"""

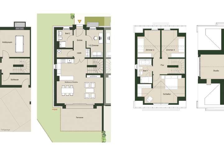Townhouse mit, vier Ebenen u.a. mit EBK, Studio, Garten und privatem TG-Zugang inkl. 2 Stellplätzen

"""
"""

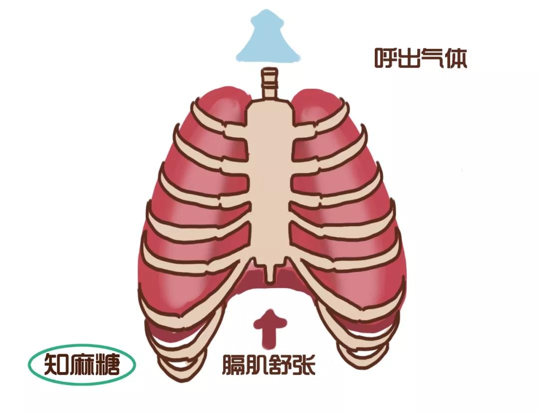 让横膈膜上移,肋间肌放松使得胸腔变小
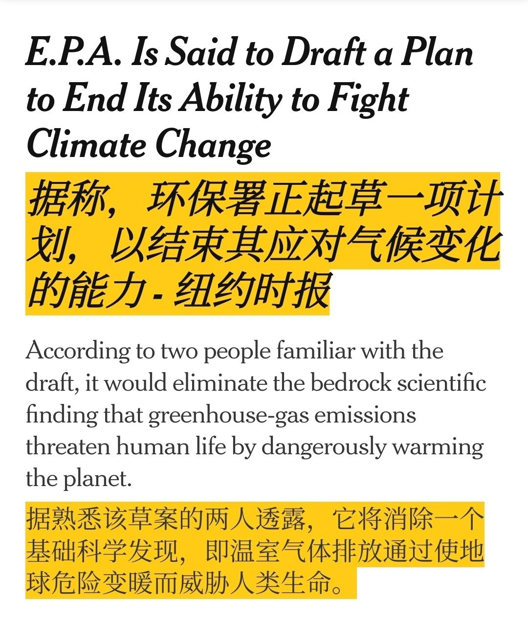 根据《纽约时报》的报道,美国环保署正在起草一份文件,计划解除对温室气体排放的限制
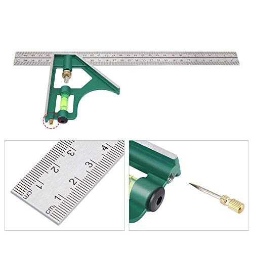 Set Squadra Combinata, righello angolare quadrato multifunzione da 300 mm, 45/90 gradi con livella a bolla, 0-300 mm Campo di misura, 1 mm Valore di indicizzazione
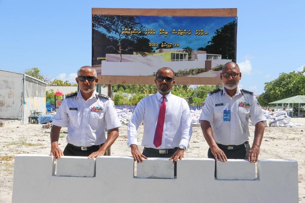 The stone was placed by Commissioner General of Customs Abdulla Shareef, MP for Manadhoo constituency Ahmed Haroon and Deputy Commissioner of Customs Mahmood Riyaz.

"""

_What is needed:_ Range to print from the listing above: from the line with "根据《纽约时报》的报道,美国" up to and including the line with "The stone was". Please print those lines exactly, with no pictures and nothing more.

_Exercise result:_
 根据《纽约时报》的报道,美国环保署正在起草一份文件,计划解除对温室气体排放的限制
 Set Squadra Combinata, righello angolare quadrato multifunzione da 300 mm, 45/90 gradi con livella a bolla, 0-300 mm Campo di misura, 1 mm Valore di indicizzazione
 The stone was placed by Commissioner General of Customs Abdulla Shareef, MP for Manadhoo constituency Ahmed Haroon and Deputy Commissioner of Customs Mahmood Riyaz.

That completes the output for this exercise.